__PROBLEM DESCRIPTION__: Make an exact copy, from the records below, of the lines from the line containing "구매 후 7일 이내 미사용" to the line containing "此外,DurOmega®甘油", both lines included, excluding pictures.

__EXERCISE MATERIAL__:
▽

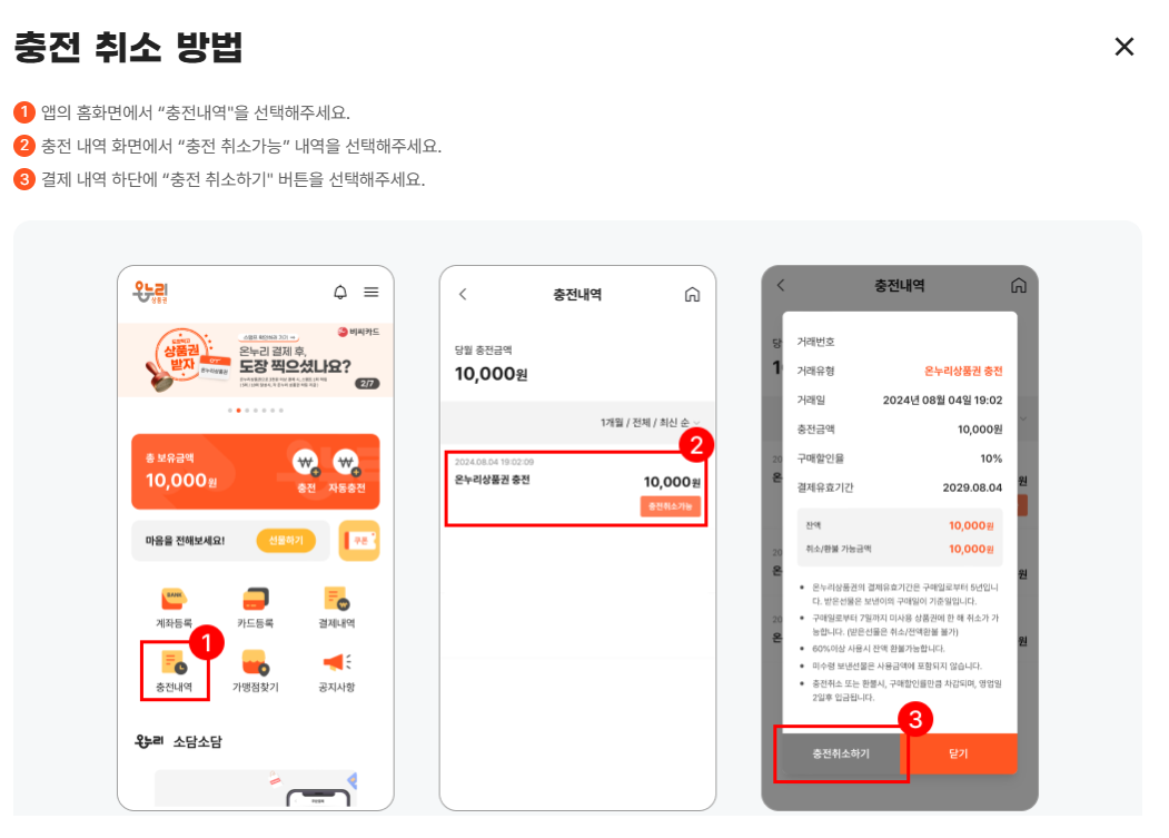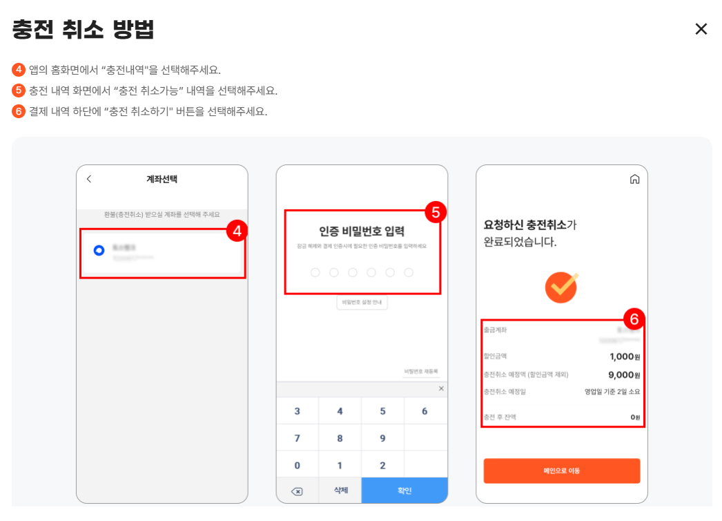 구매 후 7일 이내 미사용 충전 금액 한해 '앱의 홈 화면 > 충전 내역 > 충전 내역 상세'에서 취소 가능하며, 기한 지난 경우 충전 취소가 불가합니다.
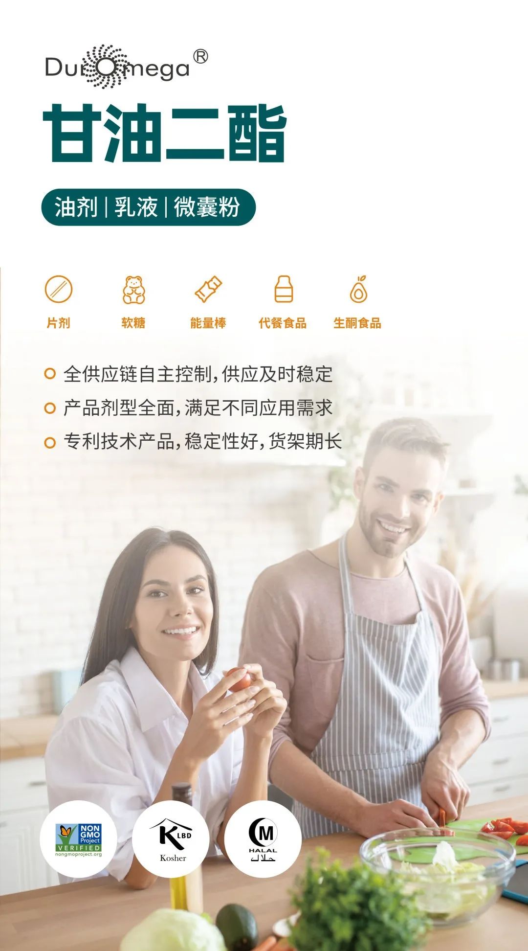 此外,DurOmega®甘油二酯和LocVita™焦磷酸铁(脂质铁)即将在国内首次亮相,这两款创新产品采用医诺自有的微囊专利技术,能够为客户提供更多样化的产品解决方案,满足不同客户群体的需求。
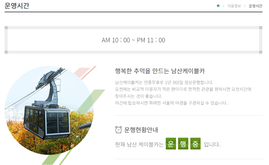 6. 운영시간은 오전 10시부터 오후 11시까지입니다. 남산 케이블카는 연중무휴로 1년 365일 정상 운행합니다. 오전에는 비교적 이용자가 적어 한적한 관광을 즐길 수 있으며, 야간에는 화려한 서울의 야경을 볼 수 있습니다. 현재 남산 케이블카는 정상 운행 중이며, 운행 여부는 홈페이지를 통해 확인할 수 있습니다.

△
▽

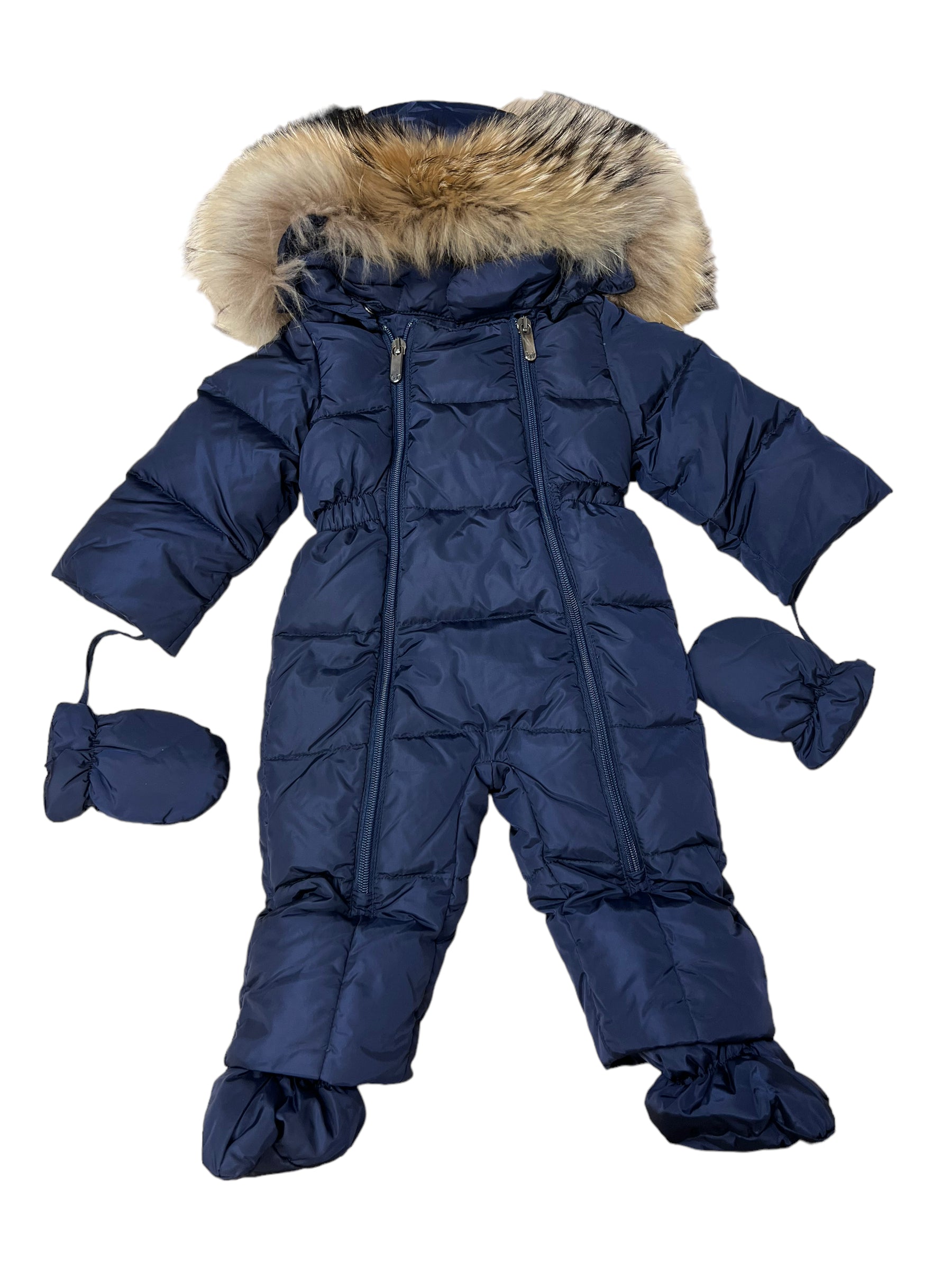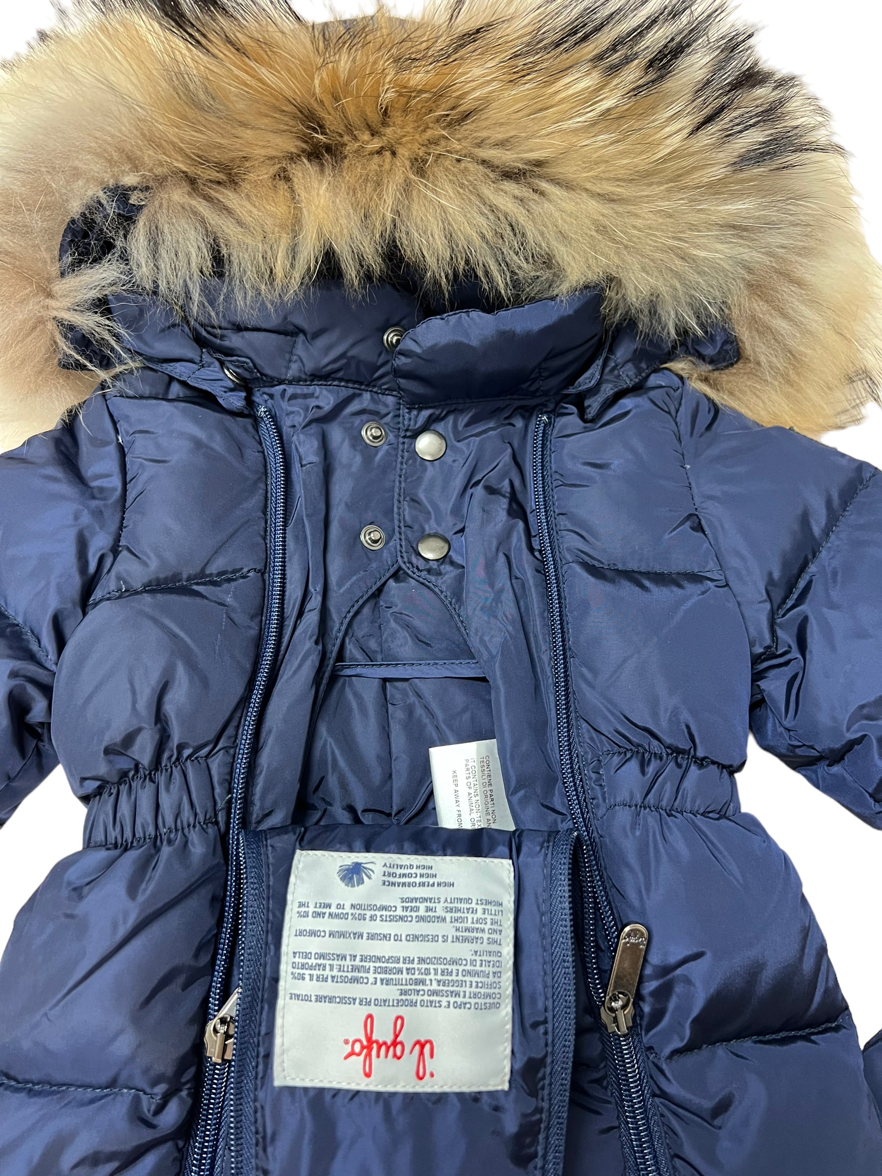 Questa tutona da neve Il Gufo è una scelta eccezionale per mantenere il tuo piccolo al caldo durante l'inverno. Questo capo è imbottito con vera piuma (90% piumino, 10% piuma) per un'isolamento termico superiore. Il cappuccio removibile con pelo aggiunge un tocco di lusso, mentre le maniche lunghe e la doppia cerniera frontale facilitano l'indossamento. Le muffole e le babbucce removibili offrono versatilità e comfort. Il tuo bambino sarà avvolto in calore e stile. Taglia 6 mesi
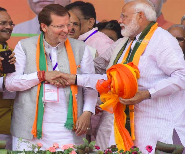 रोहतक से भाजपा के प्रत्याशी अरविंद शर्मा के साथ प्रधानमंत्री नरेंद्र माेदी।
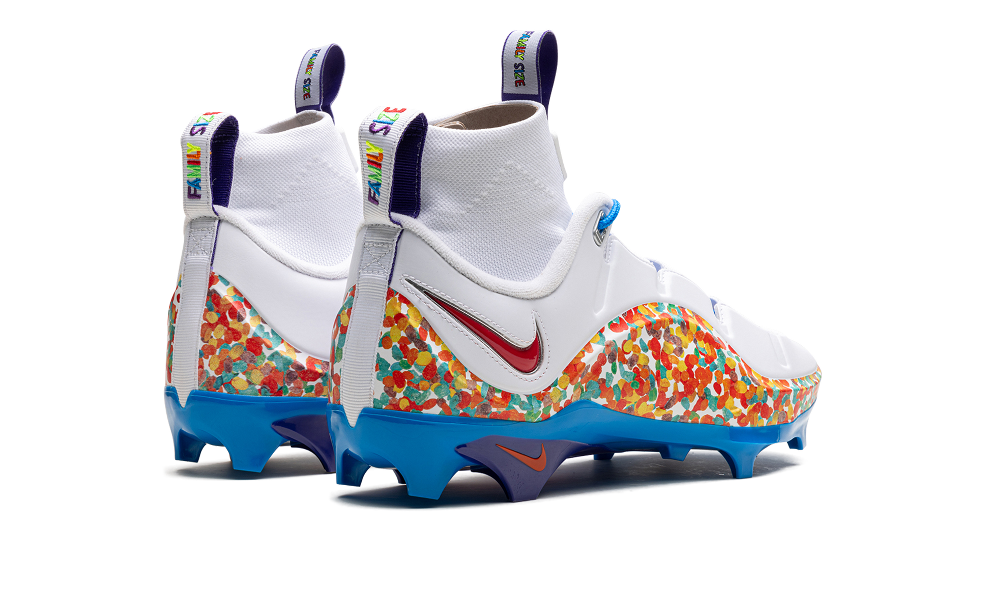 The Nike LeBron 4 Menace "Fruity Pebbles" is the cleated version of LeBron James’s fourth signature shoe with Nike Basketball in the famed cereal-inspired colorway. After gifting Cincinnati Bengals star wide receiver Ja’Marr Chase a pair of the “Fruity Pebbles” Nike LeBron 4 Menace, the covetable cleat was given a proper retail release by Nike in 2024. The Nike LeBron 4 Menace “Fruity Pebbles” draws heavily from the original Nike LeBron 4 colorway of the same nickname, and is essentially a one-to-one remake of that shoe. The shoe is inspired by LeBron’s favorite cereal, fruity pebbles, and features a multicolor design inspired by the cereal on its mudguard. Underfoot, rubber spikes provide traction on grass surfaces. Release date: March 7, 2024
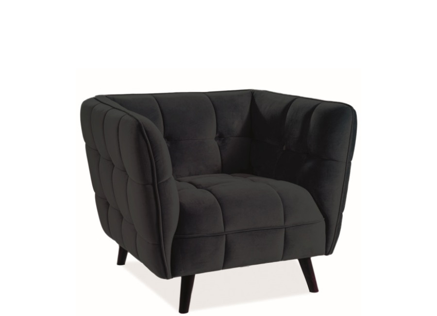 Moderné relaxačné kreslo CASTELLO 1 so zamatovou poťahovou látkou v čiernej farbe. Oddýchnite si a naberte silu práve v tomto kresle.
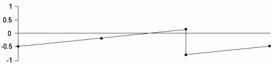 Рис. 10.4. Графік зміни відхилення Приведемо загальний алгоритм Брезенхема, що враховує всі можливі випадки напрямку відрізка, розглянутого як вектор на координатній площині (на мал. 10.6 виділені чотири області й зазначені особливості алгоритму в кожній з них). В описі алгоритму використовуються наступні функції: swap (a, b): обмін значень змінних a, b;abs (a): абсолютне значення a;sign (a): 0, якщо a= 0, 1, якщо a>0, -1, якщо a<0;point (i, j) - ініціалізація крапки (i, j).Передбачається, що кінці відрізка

△
▽

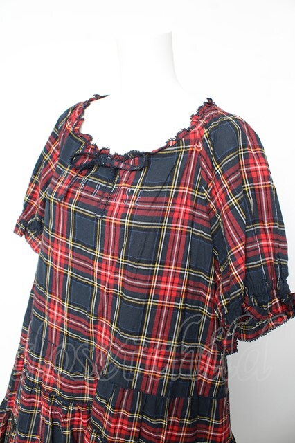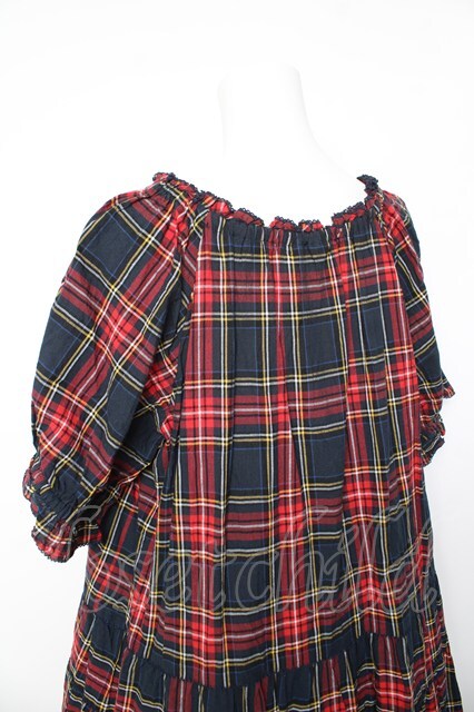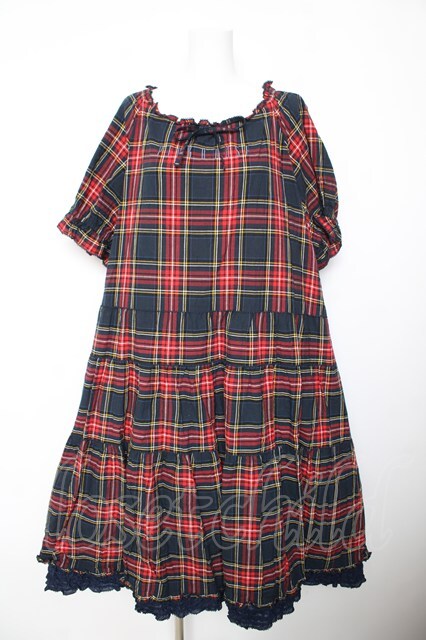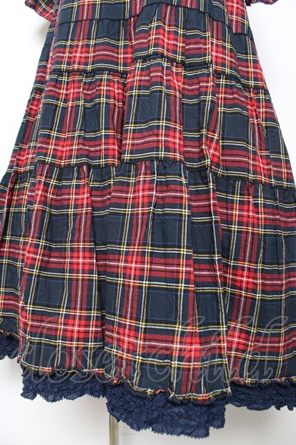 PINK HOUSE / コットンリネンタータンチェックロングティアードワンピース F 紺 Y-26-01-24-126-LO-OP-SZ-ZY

△

__RESULT OF THIS TASK__:
 구매 후 7일 이내 미사용 충전 금액 한해 '앱의 홈 화면 > 충전 내역 > 충전 내역 상세'에서 취소 가능하며, 기한 지난 경우 충전 취소가 불가합니다.
 此外,DurOmega®甘油二酯和LocVita™焦磷酸铁(脂质铁)即将在国内首次亮相,这两款创新产品采用医诺自有的微囊专利技术,能够为客户提供更多样化的产品解决方案,满足不同客户群体的需求。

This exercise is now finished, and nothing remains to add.